I know many astrophotographers use dslr cameras, so would a novice in this field, (me), be better off with dslr or cmos? I just don't want to end up buying something that I later regret. For instance, can I get a focul reducer for a dslr? are they expensive? Are the filters expensive, or are there adaptor rings so that I can use the ones I have already? The cmos are all 1.25 with threads ready for filters, so not a problem. I, like many 1000's, have a limited budget, but at the same time would rather not buy something that suits my budget but not my requirements.

Thanks for the above info though ?

The question about DSLR cameras is a contentious one. 

On the screenshot that I posted the small rectangle is the field that you would get with the sensor in the Bresser at 1000mm.  The larger rectangle is the view that you would get at 330mm (ie with a .33 focal reducer).  However, the larger rectangle would also be the field at 1000mm if the sensor was 3 times bigger.  So, if you use a DSLR, you won't need a focal reducer to cover the same field of view.  You might need a field flattener though!

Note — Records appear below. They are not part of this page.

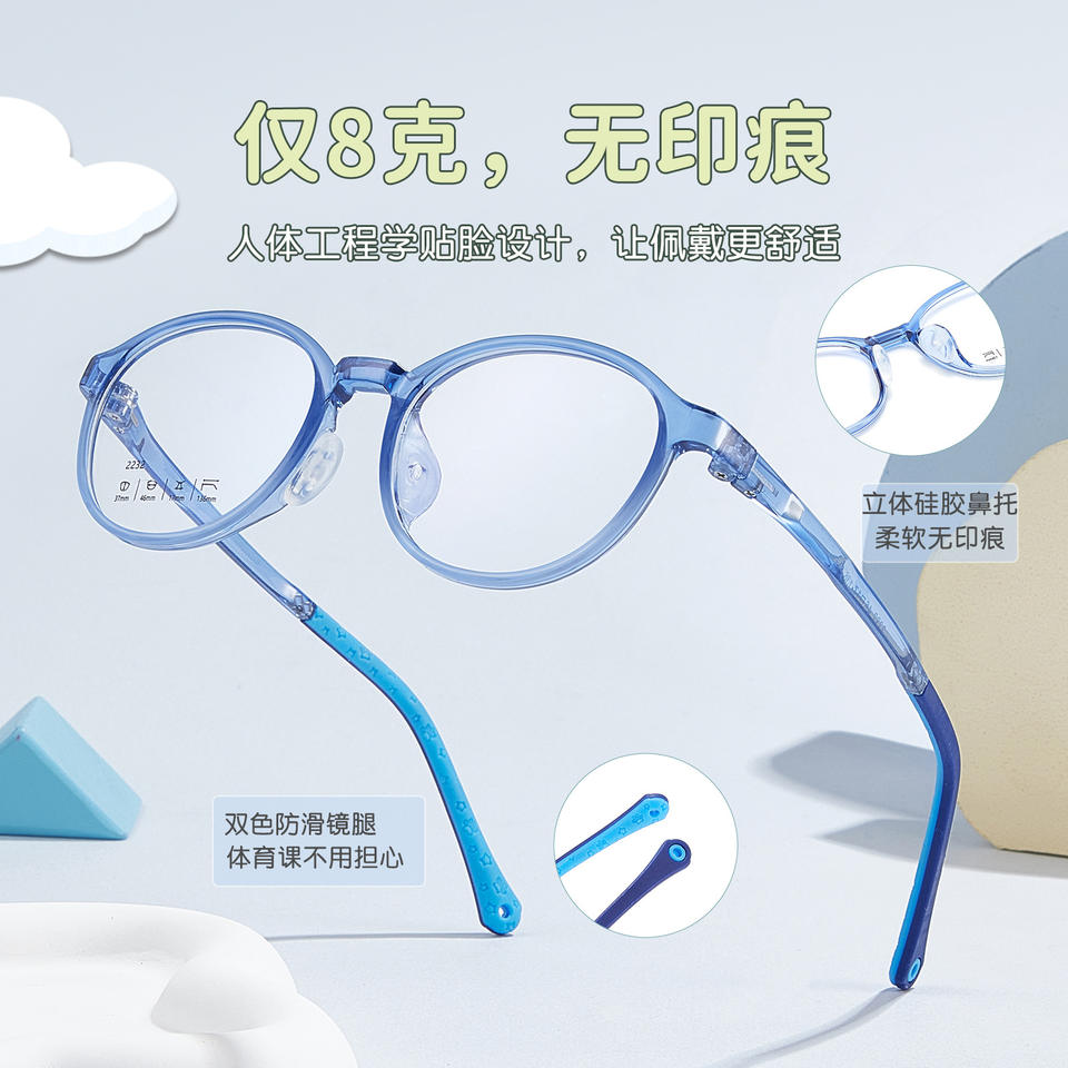 กรอบแว่นตาเด็กทรงกลม TR รุ่น 2232 46-17-136 เลนส์เรซิ่นแบบเต็มกรอบสวมใส่สบาย ผลิตที่ตานหยาง
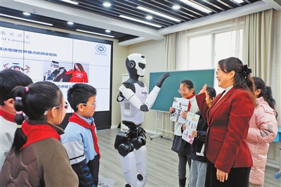 近日,河南省科学院“行者二号”机器人走进焦作市山阳区塔南路小学,与小朋友互动,灵活完成挥手、行走等动作,把科技知识变成可触摸、可感受的生动课堂。 宋崇飞 摄
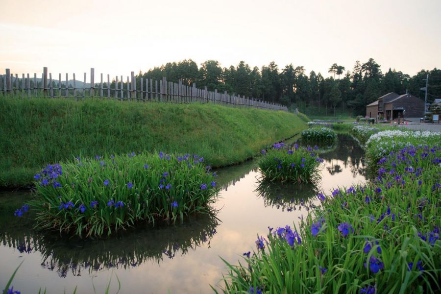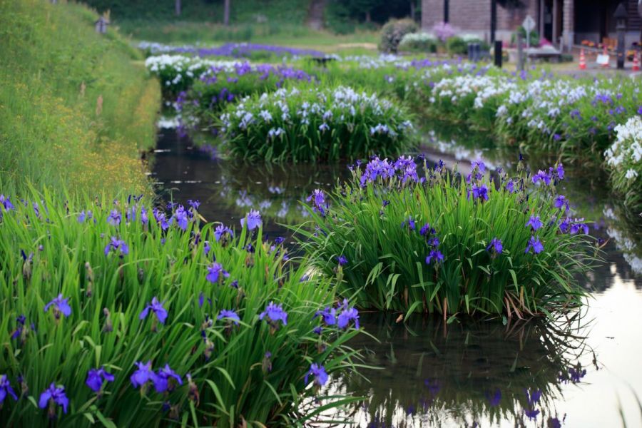 監物堀に植えられたカキツバタは、5月上旬が見頃です。

I don't know if this makes much sense.  I do remember that when I started, I didn't understand  any of this at all.  Anyway, generally speaking, a bigger sensor is better - especially for DSO.  DSLR's give the biggest bang for buck in this area.  So, if you already have a DSLR, then it is probably best to start with it.  You don't need any filters to start with, and if your light pollution isn't too bad, then you can get fantastic results.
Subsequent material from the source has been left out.